24. The system of claim 23 wherein the second reconfigurable processor generates a third data value.
25. The system of claim 23, further comprising a communication path between the first reconfigurable processor and the data bus.
26. The system of claim 23, wherein the data processor transmits commands over the address bus.
27. The system of claim 23, wherein the data processor periodically checks the status register.
28. A method of data processing using reconfigurable processors, the method comprising:
configuring a first reconfigurable processor within a memory subsystem to perform a first function;
configuring a second reconfigurable processor within a memory subsystem to perform a second function;
writing a first data value to a first memory address location in the memory subsystem;
reading the first data value into a first reconfigurable processor within the memory subsystem;
performing the first function in the first reconfigurable processor using the first data value to generate a second data value;
writing the second data value to a second memory address within the memory subsystem;
reading the second data value into a second reconfigurable processor within the memory subsystem;
performing the second function in the second reconfigurable processor using the second data value to generate a third data value;
receiving a command to terminate the data processing;
counting the number of clock cycles that have elapsed since the command was received; and generating a signal when a predetermined number of clock cycles has passed.

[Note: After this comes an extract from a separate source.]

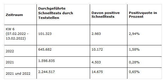 Bürger-Schnelltests: Positivquote bei 2,94 Prozent (Dienstag, 11:55 Uhr)
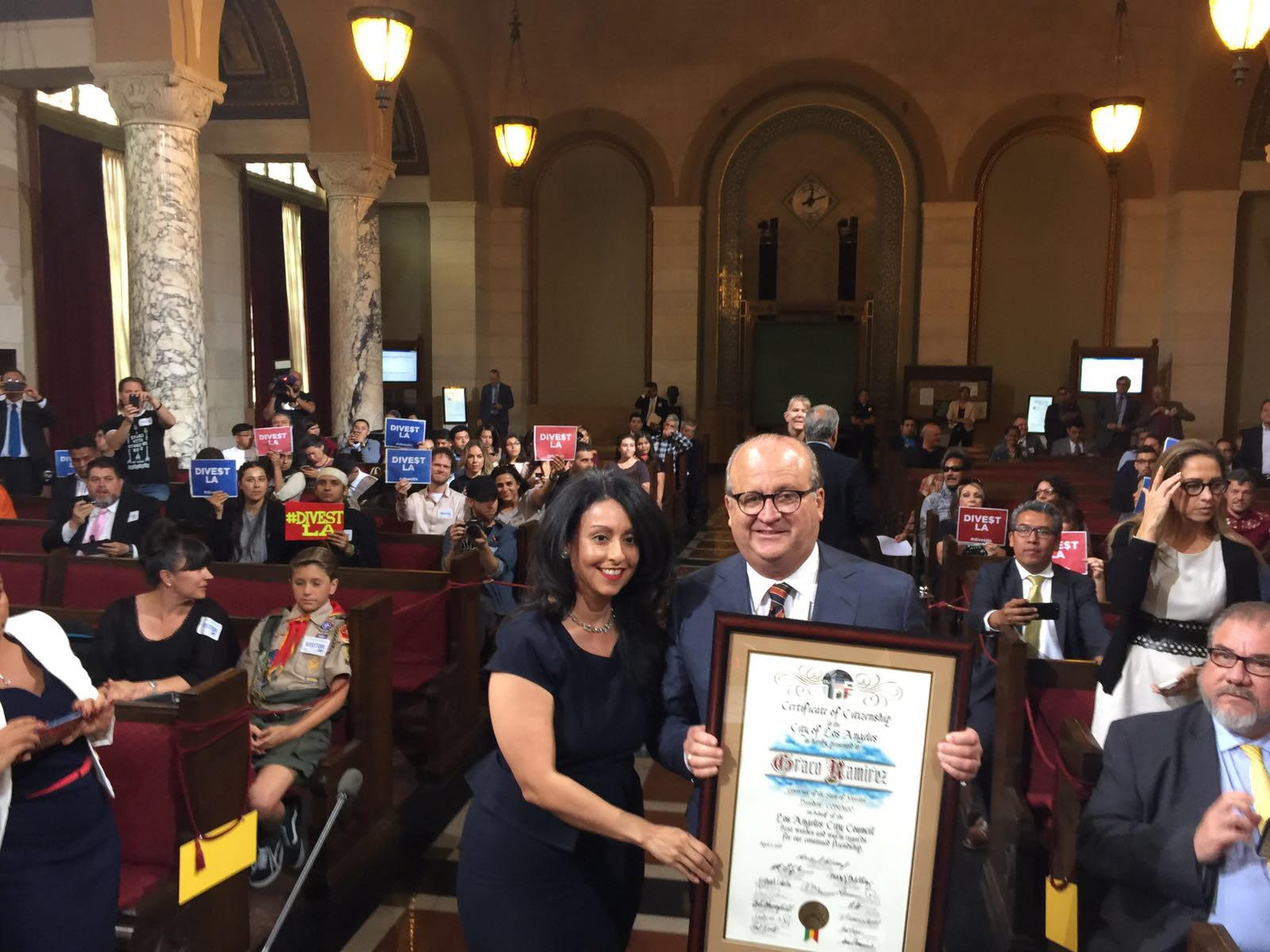 El alcalde de Los Ángeles, entregó a los gobernadores mexicanos el certificado de ciudadanía honoraria.

29. The method of claim 28 wherein the third data value is written to a third memory location in the memory subsystem.
30. The method of claim 28 wherein performing the first function includes multiplying.
31. The method of claim 29 wherein configuring the first reconfigurable processor includes a fixed instruction set processor selecting configuration bits corresponding to the first function.
32. The method of claim 31 wherein the fixed instruction set processor performing a math function.
33. The method of claim 32 wherein the math function is a 64-bit floating point math function.
34. The method of claim 31 further comprising:
signaling the fixed instruction set processor when the third data value is available.
35. The method of claim 34 wherein the signaling includes writing a status value to a status register.
36. The method of claim 28 wherein writing the second data value includes operatively passing the second data value from the first reconfigurable function unit to the second reconfigurable function unit.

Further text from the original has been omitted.